Eraser Bonanza

In a recent post (“My favourite eraser”) I wrote about the Faber-Castell 18 71 20 Dust-Free eraser. In a comment to this post Henrik mentioned Staedtler’s PVC free eraser, which he said is quite similar. Curios about the Staedtler’s performance I got hold of this eraser andoday I want to write a bit more about this eraser and about the Läufer Oval Office.

The Staedtler 525 B30 PVC-free eraser

What I like most about the recently reviewed Faber-Castell 18 71 20 Dust-Free eraser is that you only need to apply very little force when erasing and that it does erase very thoroughly, much better than most other erasers. To my surprise the material of the Taiwanese-made Staedtler 525 B30 PVC-free eraser seems to be even softer than that of Faber-Castell’s dust-free eraser. It is therefore also no surprise that you do need to apply more force when you use the Faber-Castell eraser. This might be down to the fact that when I compared them the Staedtler eraser was brand new, freshly unwrapped, while one of my Faber-Castells has seen a few months, the other one a few years of use and contact with air. Just like Faber-Castell’s eraser the Staedler is also available in two sizes: the model number of the big one ends with 20, the number of the smaller one ends with 30.

Conclusion: The Staedtler is an exceptionally good eraser. It is not my favourite but comes very close. One disadvantage for me (others might not mind at all) is that the eraser waste does not twists up into strands, which makes it a bit more messy when you want to clean the paper and get rid of the eraser waste – but to be honest, for most erasers the waste does not twist up into strands, so this is nothing unusual.

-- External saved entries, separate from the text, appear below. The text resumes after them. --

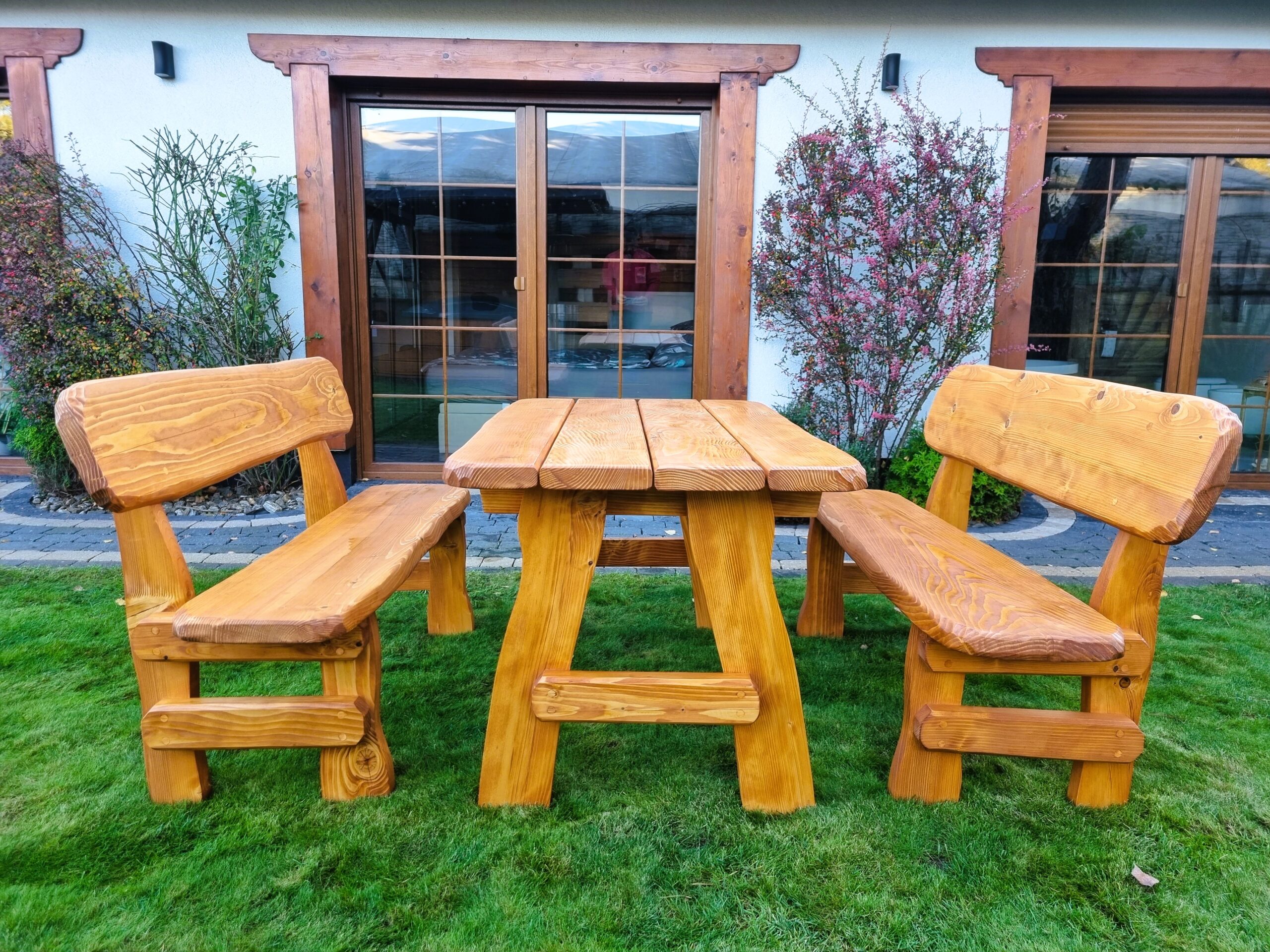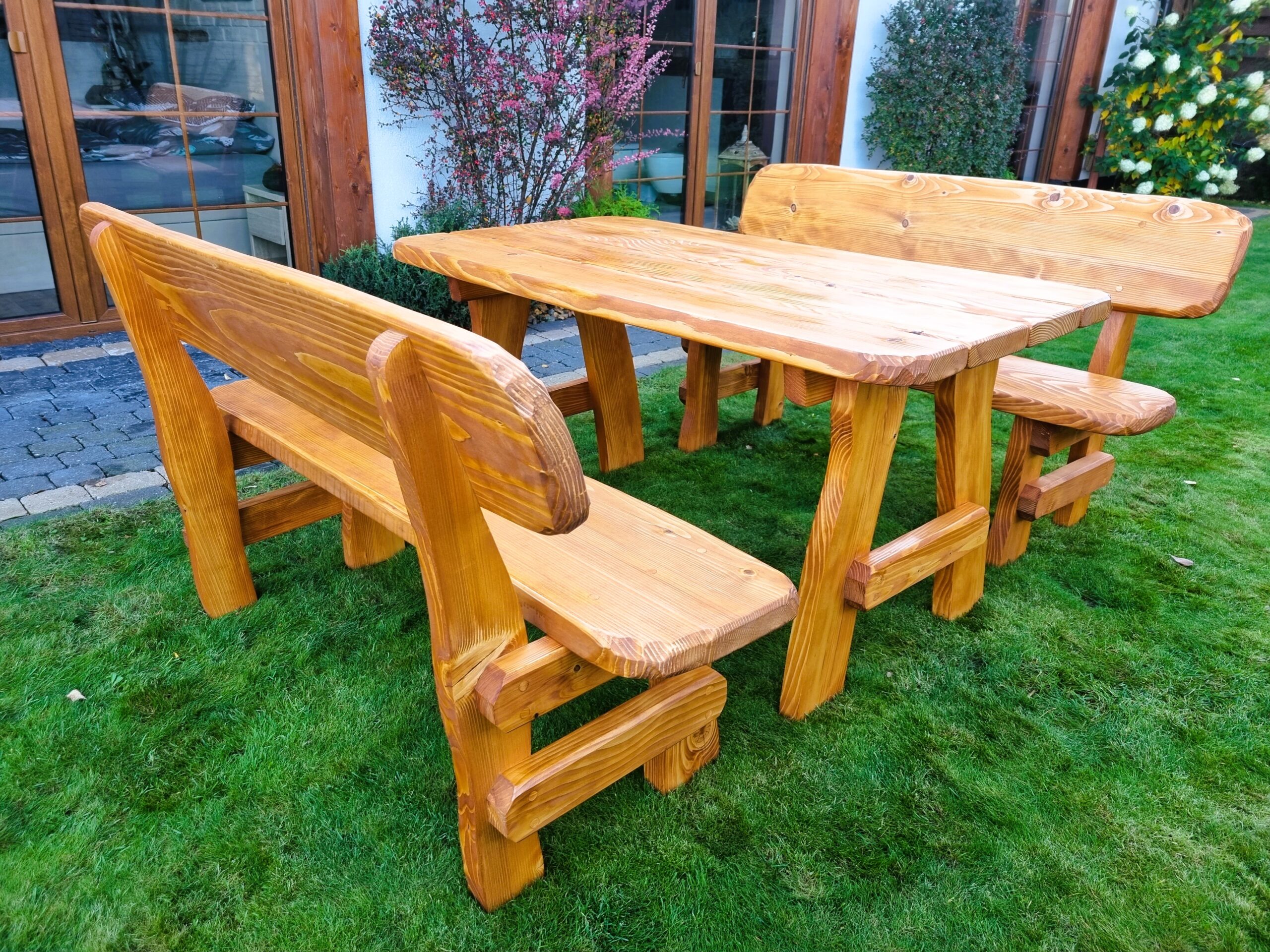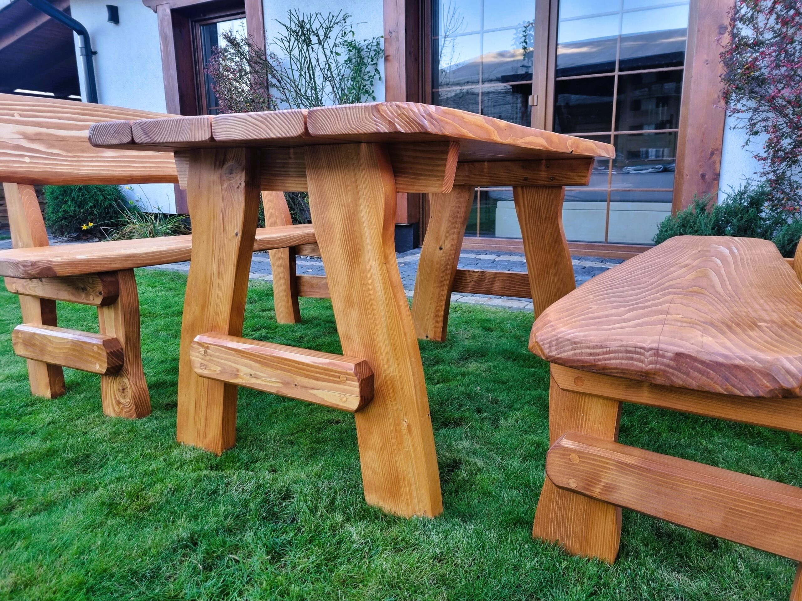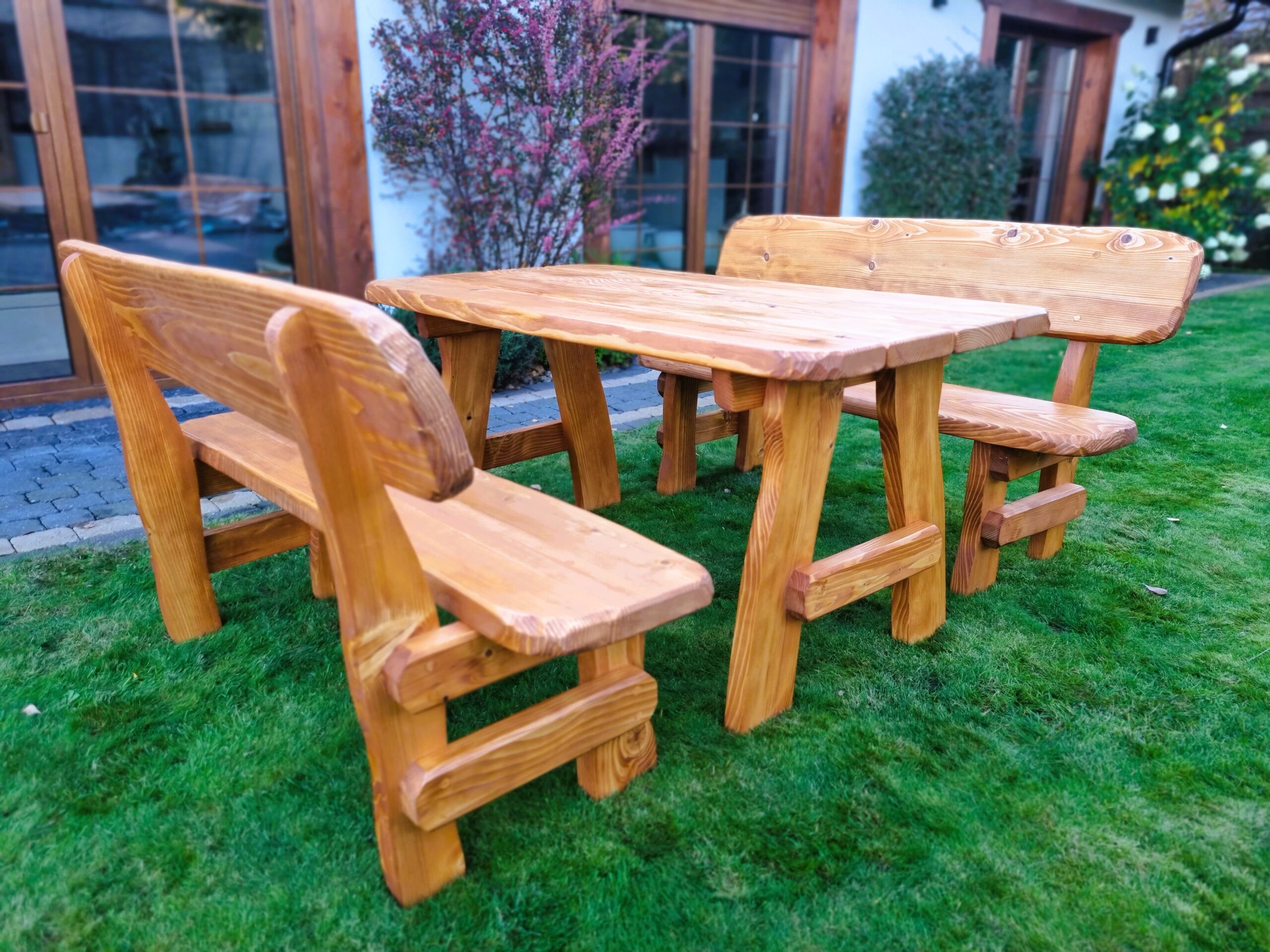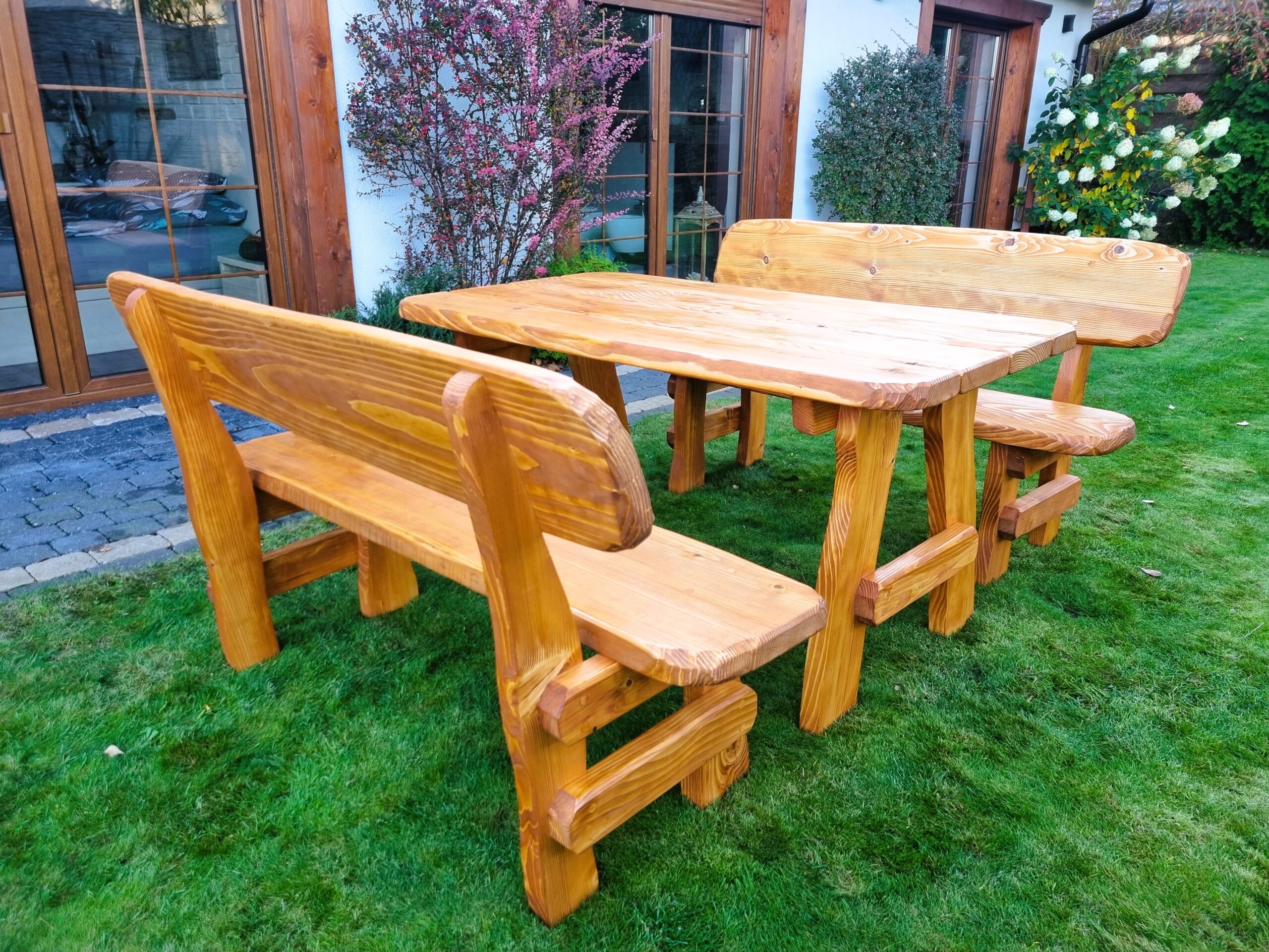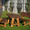 Gartensatz Piast für 6/8/10 Personen. Satz besteht aus zwei Bänken und einem Tisch.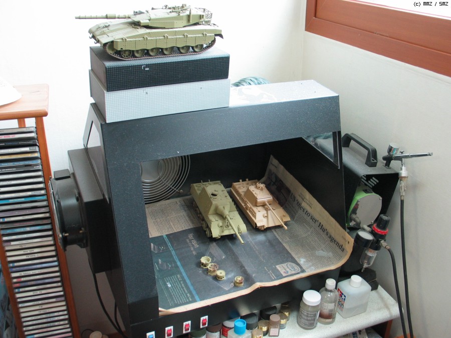 랙 옆 스프레이 부스. 지금은 둘째 애 때문에 먼지만 수북히...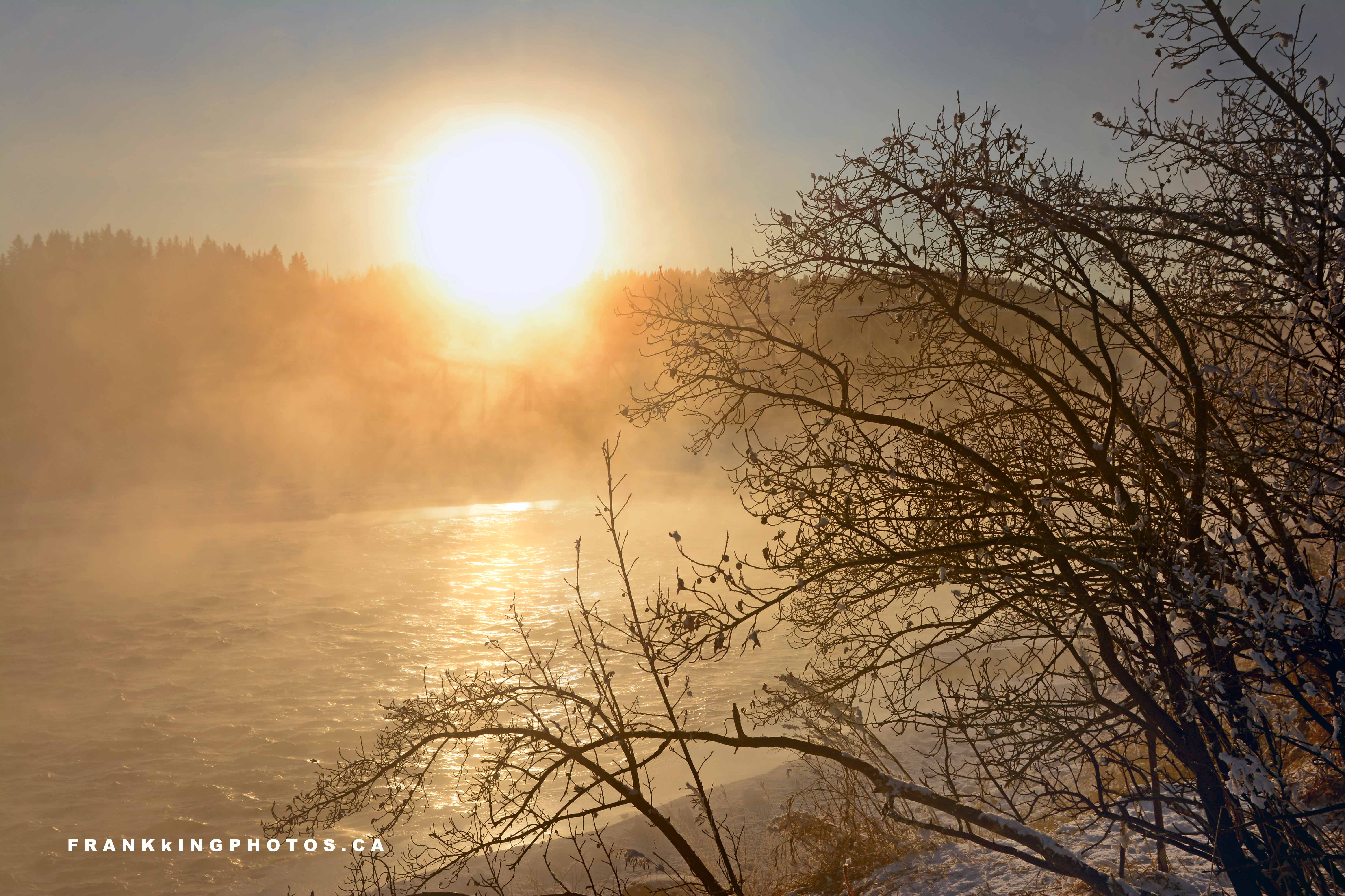 BOW RIVER AND WINTER FOG, COCHRANE, ALBERTA
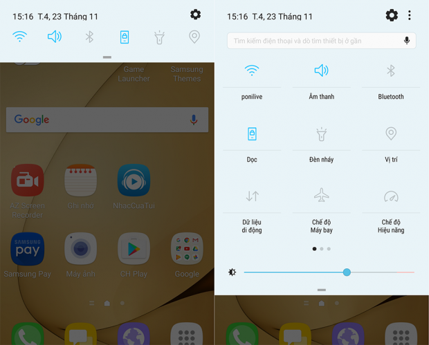 Tiếp theo, vuốt thanh trạng thái xuống lần thứ hai, giao diện QuickSetting sẽ xuất hiện khung tìm kiếm mà không cần tìm đến S-Finder. Các biểu tượng tiện ích cũng được hiển thị đơn giản, rời rạc và cho cảm giác trực quan hơn hẳn. So với Touchwiz 6.0, QuickSetting sẽ không hiển thị tất cả các biểu tượng tiện ích mà được phân trang, người dùng sẽ vuốt sang trái hoặc phải để thấy được các biểu tượng Quick Setting. Điều này giúp QuickSetting bớt rối rắm. Phía dưới là thanh thay đổi độ sáng màn hình. Với giao diện GraceUX, giao diện Quick Setting và các Notification sẽ trông liền mạch hơn.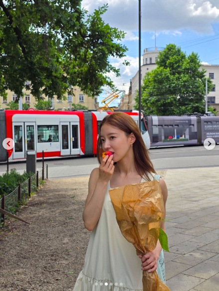 사진 속 이세영은 청바지에 민소매를 매치해 케이크를 한 손에 들고 환한 미소를 띄우고 있다. 야외 의자에 앉아 아이스크림을 먹거나 길거리에서 과일을 먹는 등 자연스러운 포즈로 화보 같은 일상을 전한 모습이다.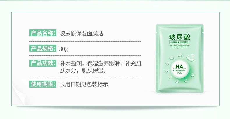 - Product specification: Hyaluronic Acid Nourishing Mask Sheet 30g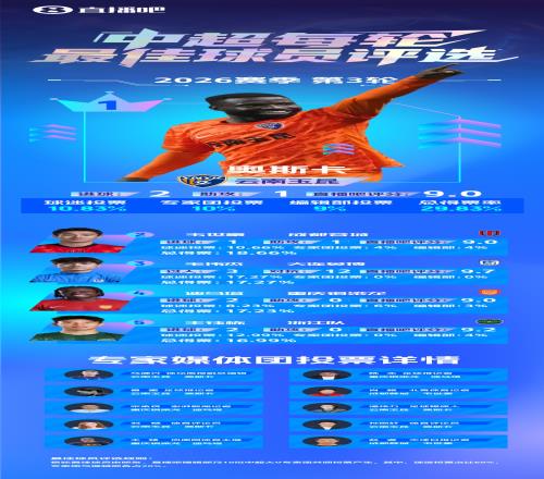 附:每輪最佳球員將由吧友、體育播報編輯部及10位中超大V專家團共同投票產生。其中,球迷投票占比60%,專家團與編輯部各占20%,讓球迷聲音與媒體視角共同決定最終歸屬。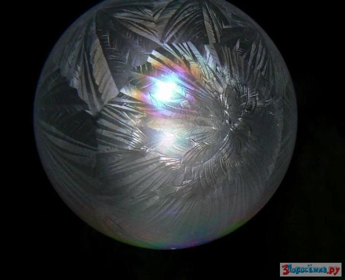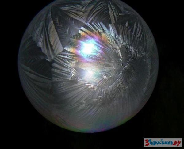 Мыльные пузыри замерзают при температуре около -7 С. Чтобы мыльный пузырь быстро превратился в ледяной шарик, достаточно бросить на него снежинку. Снежинка соприкоснется с пузырем и от нее во все стороны побегут бусинки льда. Причем тип кристаллизации будет такой же, как и у снежинки, то есть можно выбрать его заранее, отлавливая снежинки и рассматривая их на варежке...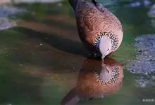 珠颈斑鸠,别名花斑鸠、珍珠鸠、花脖斑鸠、鸪鹪,是鸠鸽科副斑鸠属鸟类。体型中等,体长27~34cm,体重120~205g,雌鸟和雄鸟羽色相似,但雌鸟不如雄鸟羽色亮泽。珠颈斑鸠前额至头顶羽色稍淡,…全部>>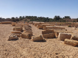 The tomb sits on a rock underneath which lies an enormous gold mine, the first found in the Western desert. The structure of the tomb takes the form of a grate", significant traces of which have been found. Generally speaking, this is closed monumental cluster', the dating of which is identical and is indicated by: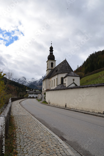 Fototapeta premium Blick auf die Pfarrkirche St. Sebastian in Ramsau , Bayern, Deutschland.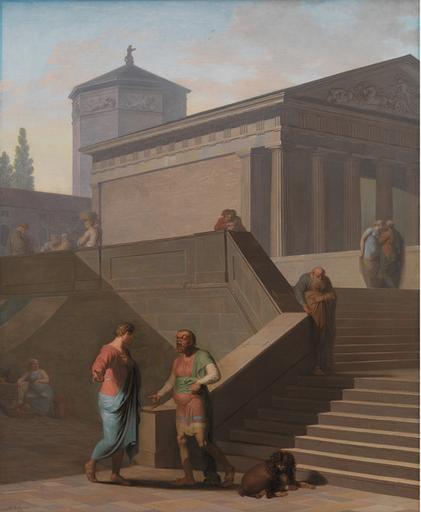 | Keywords: Elskeren Pamfilus i samtale med sin forslagne tjener Davus.jpg Artwork Creator Nicolai Abildgaard 1802 Oil canvas cm 157 5 128 5 institution Statens Museum for Kunst Copenhagen Sal 217B object history Købt 1849 Acquired 1849 exhibition history credit line Part of a series See KMS587 KMS589 and KMS590 accession number KMS588 http //soeg smk dk/vark asp ObjectId 4615 PD-old-100 Nicolai Abraham Abildgaard 1802 paintings Paintings in Statens Museum for Kunst Publius Terentius Afer Classicist history paintings |

I bought the Staedtler 525 B30 in November 2010 for 47c (~62¢, ~38p).

Läufer Oval Office

Läufer is relatively well known in Germany for their erasers. In 2004 Läufer merged with Gutenberg, a company some stationery fans might recognise because they supply indelible, permanent ink used for official documents – in Germany many dioceses and government offices use their G10 ink for official documents. As far as I know Läufer & Gutenberg are now part of Société Bic, the company that owns the BIC brand – but I have not been able to confirm this.

The Läufer Oval Office is, in my opinion, an average eraser when it comes to perfermance and the material it is made of. It is mainly interesting because of it’s shape and that is also why I bought it. The Oval Office has the shape of a stretched lens. While the 90° angle of a traditional eraser will soon get too wide for erasing small areas, the shape of the Oval Office means that it can be used for more precise erasing for longer.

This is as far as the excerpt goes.